* _WORK ITEM_: Range to copy from the entries below: the line containing "カラードレス ボルドー色 オフショルダー" through the line containing "1.Птица клест-еловик несет", inclusive. Retype only those lines, exactly, without any images.

* _DATA FOR PROCESSING_:
= Beginning of Section =

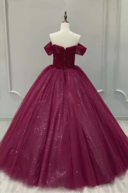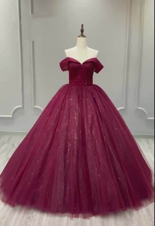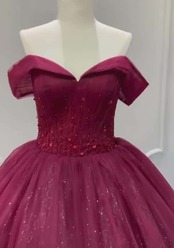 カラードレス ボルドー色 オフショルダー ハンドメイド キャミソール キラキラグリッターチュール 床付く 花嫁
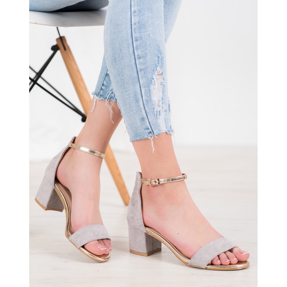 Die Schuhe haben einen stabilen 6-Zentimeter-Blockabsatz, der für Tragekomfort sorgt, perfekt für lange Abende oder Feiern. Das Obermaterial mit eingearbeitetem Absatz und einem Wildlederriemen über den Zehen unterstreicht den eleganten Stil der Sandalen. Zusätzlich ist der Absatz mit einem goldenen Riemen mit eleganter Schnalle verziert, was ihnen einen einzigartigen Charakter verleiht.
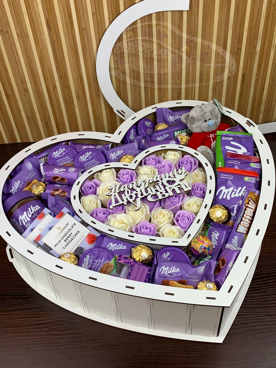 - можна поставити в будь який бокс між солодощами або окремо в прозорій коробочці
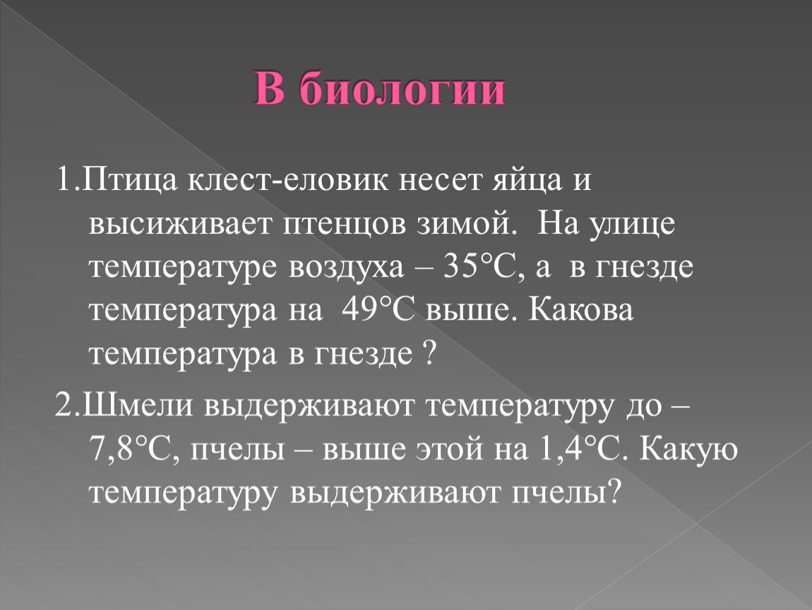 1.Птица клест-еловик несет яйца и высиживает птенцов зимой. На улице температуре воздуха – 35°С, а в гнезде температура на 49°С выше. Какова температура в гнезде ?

= End of Section =
= Beginning of Section =

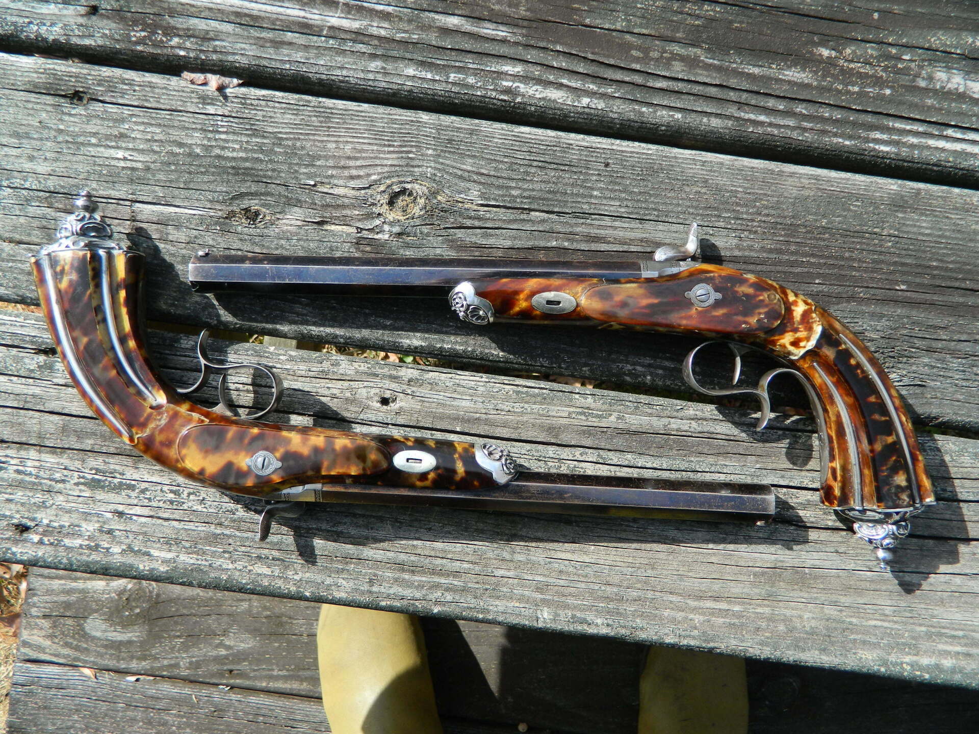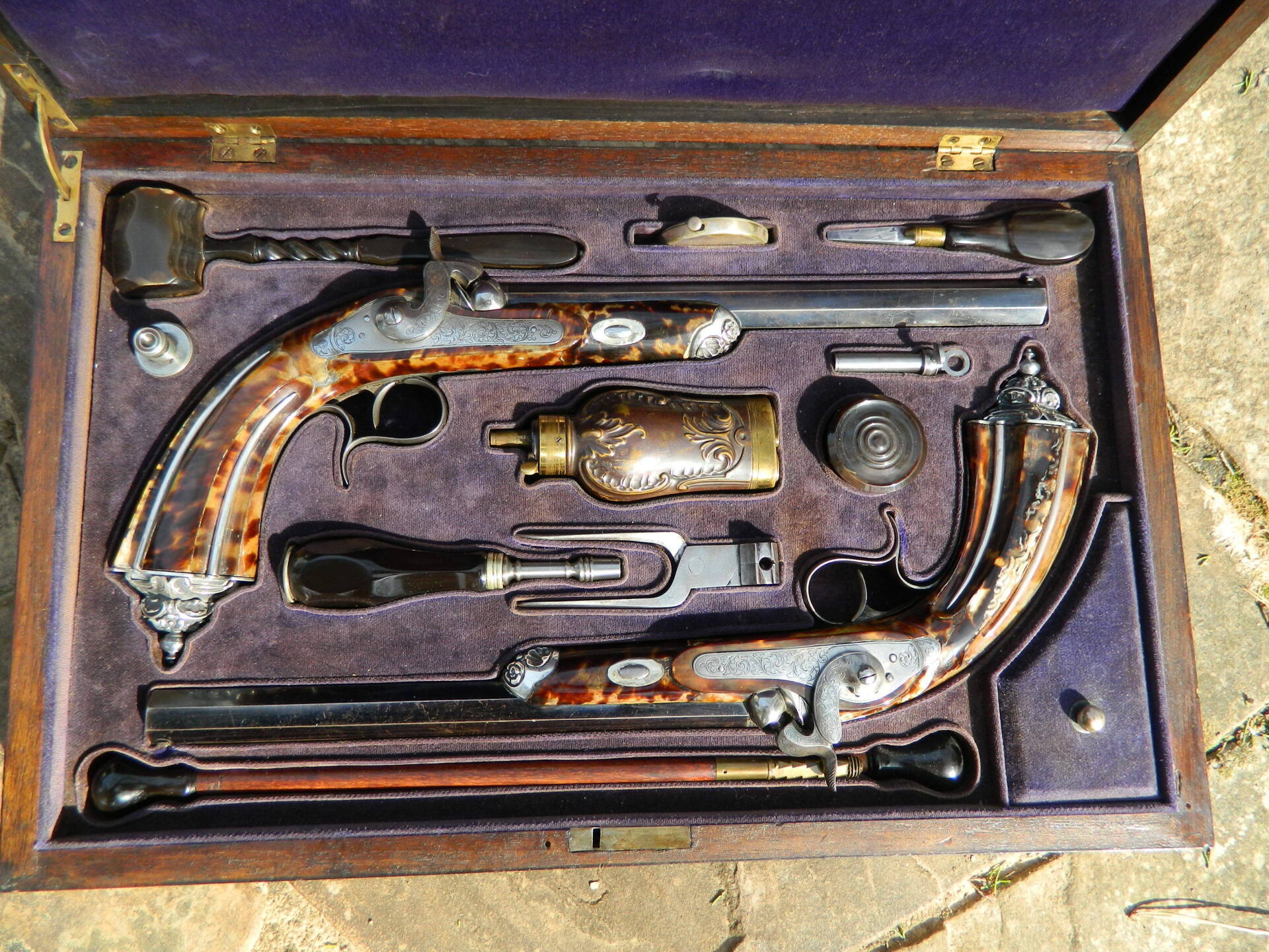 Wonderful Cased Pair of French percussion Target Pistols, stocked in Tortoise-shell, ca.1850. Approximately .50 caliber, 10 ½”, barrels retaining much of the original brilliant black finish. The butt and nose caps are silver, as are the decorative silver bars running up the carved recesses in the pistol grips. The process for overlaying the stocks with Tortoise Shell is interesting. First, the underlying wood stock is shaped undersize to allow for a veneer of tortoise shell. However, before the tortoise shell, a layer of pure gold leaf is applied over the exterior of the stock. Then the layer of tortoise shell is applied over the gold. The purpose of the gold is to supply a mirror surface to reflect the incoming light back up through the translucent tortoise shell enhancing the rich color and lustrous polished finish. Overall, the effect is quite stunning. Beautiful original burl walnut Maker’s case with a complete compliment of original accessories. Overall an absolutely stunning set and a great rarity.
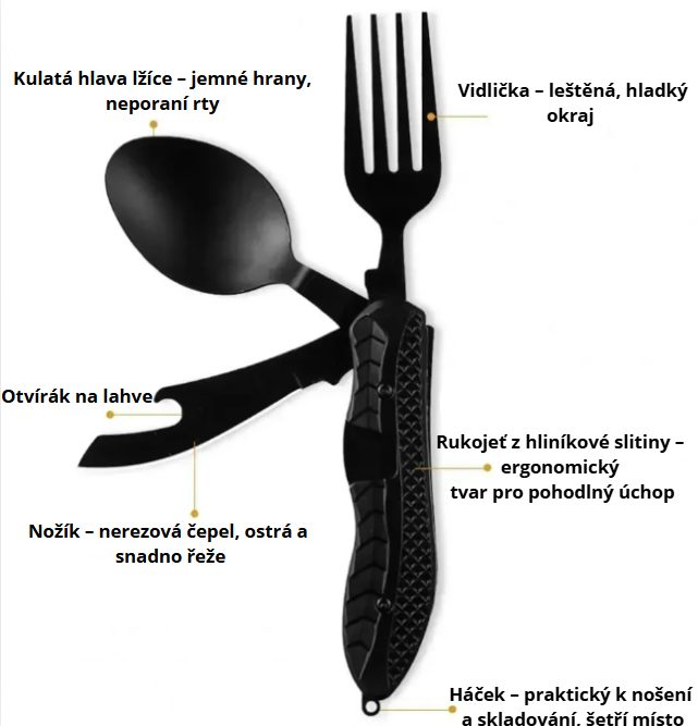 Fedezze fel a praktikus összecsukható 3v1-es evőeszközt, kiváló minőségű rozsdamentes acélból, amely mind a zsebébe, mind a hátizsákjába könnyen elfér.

= End of Section =
= Beginning of Section =

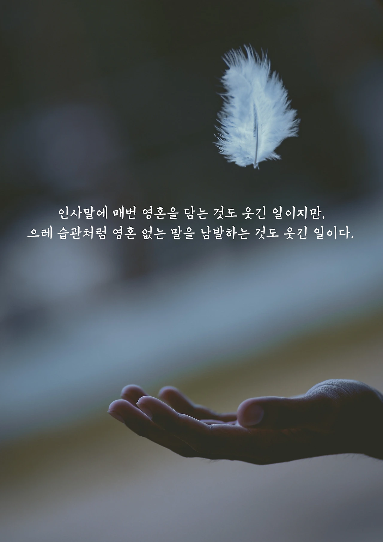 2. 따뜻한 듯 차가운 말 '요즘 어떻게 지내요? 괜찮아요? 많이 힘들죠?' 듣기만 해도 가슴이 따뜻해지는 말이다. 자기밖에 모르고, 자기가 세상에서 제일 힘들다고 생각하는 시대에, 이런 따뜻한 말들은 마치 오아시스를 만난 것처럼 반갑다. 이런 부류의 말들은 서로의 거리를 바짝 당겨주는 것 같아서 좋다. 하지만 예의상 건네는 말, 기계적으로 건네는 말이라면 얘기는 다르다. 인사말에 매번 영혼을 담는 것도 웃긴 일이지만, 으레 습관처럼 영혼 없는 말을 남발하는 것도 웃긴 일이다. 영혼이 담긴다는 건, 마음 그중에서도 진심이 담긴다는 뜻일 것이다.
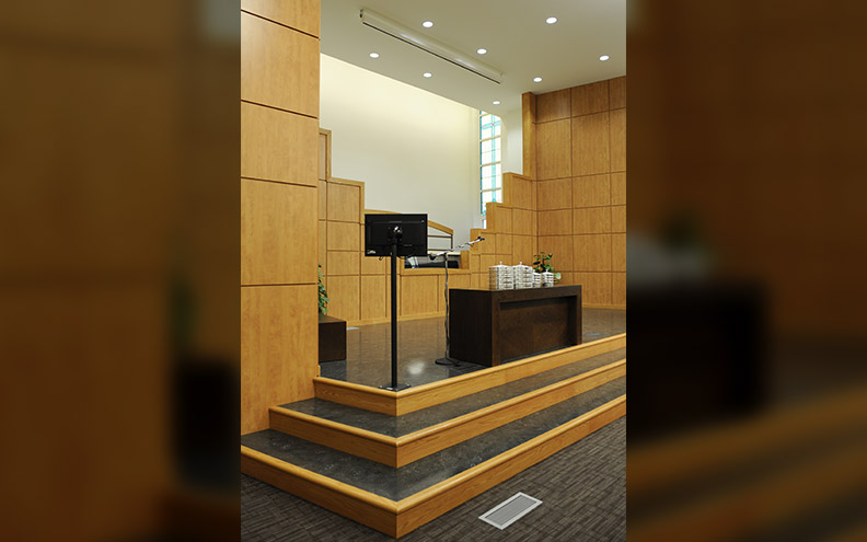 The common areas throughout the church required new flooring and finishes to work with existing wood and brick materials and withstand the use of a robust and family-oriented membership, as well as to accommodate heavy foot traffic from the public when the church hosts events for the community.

= End of Section =

* _RESULT OF THIS TASK_:
 カラードレス ボルドー色 オフショルダー ハンドメイド キャミソール キラキラグリッターチュール 床付く 花嫁
 Die Schuhe haben einen stabilen 6-Zentimeter-Blockabsatz, der für Tragekomfort sorgt, perfekt für lange Abende oder Feiern. Das Obermaterial mit eingearbeitetem Absatz und einem Wildlederriemen über den Zehen unterstreicht den eleganten Stil der Sandalen. Zusätzlich ist der Absatz mit einem goldenen Riemen mit eleganter Schnalle verziert, was ihnen einen einzigartigen Charakter verleiht.
 - можна поставити в будь який бокс між солодощами або окремо в прозорій коробочці
 1.Птица клест-еловик несет яйца и высиживает птенцов зимой. На улице температуре воздуха – 35°С, а в гнезде температура на 49°С выше. Какова температура в гнезде ?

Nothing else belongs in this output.